Transgender persons are more likely than cisgender men or women to be classified as working poor. In the United States, transgender people are three times more likely than the average population to have a household income between $1 and $9,999, and nearly twice as likely to have a household income between $10,000 and $24,999.

===Disability===
Workers with disabilities significantly earn less than their non-disabled counterparts.

==Obstacles to uplift==
The working poor face many of the same daily life struggles as the nonworking poor, but they also face some unique obstacles. Some studies, many of them qualitative, provide detailed insights into the obstacles that hinder workers' ability to find jobs, keep jobs, and make ends meet. Some of the most common struggles faced by the working poor are finding affordable housing, arranging transportation to and from work, buying basic necessities, arranging childcare, having unpredictable work schedules, juggling two or more jobs, and coping with low-status work.

===Housing===
Working poor people who do not have friends or relatives with whom they can live often find themselves unable to rent an apartment of their own. Although the working poor are employed at least some of the time, they often find it difficult to save enough money for a deposit on a rental property. As a result, many working poor people end up in living situations that are actually more costly than a month-to-month rental. For instance, many working poor people, especially those who are in some kind of transitional phase, rent rooms in week-to-week motels. These motel rooms tend to cost much more than a traditional rental, but they are accessible to the working poor because they do not require a large deposit. If someone is unable or unwilling to pay for a room in a motel, they might live in their car, in a homeless shelter, or on the street. This is not a marginal phenomenon; in fact, according to the 2008 US Conference of Mayors, one in five homeless people are currently employed.

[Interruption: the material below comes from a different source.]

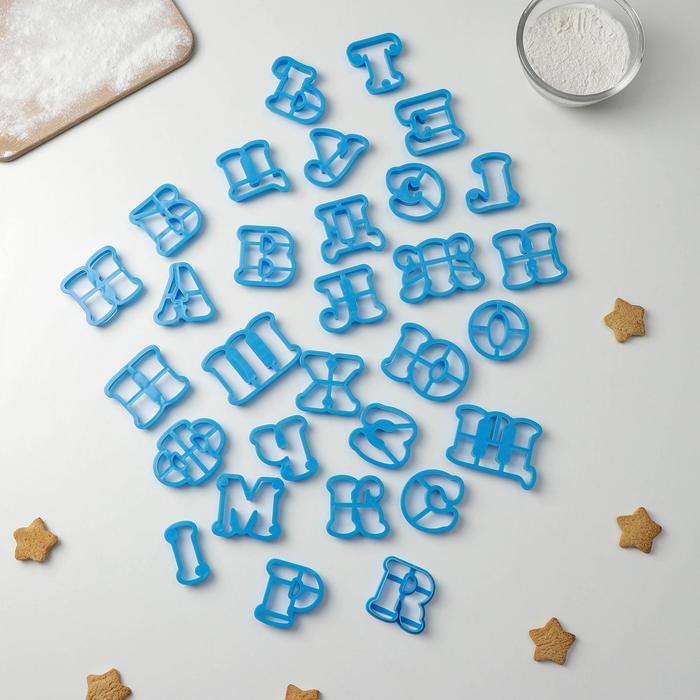 Набор форм для печенья Доляна «Русский алфавит», 30 шт, цвет голубой

Some working poor people are able to access housing subsidies (such as a Section 8 Housing Choice Voucher) to help cover their housing expenses. However, these housing subsidies are not available to everyone who meets the Section 8 income specifications. In fact, less than 25% of people who qualify for a housing subsidy receive one.

===Education===
The issue with education starts many times with the working poor from childhood and follows them into their struggle for a substantial income. Children growing up in families of the working poor are not provided the same educational opportunities as their middle-class counterpart. In many cases the low income community is filled with schools that are lacking necessities and support needed to form a solid education. This follows students as they continue in education. In many cases this hinders the possibility for America's youth to continue on to higher education.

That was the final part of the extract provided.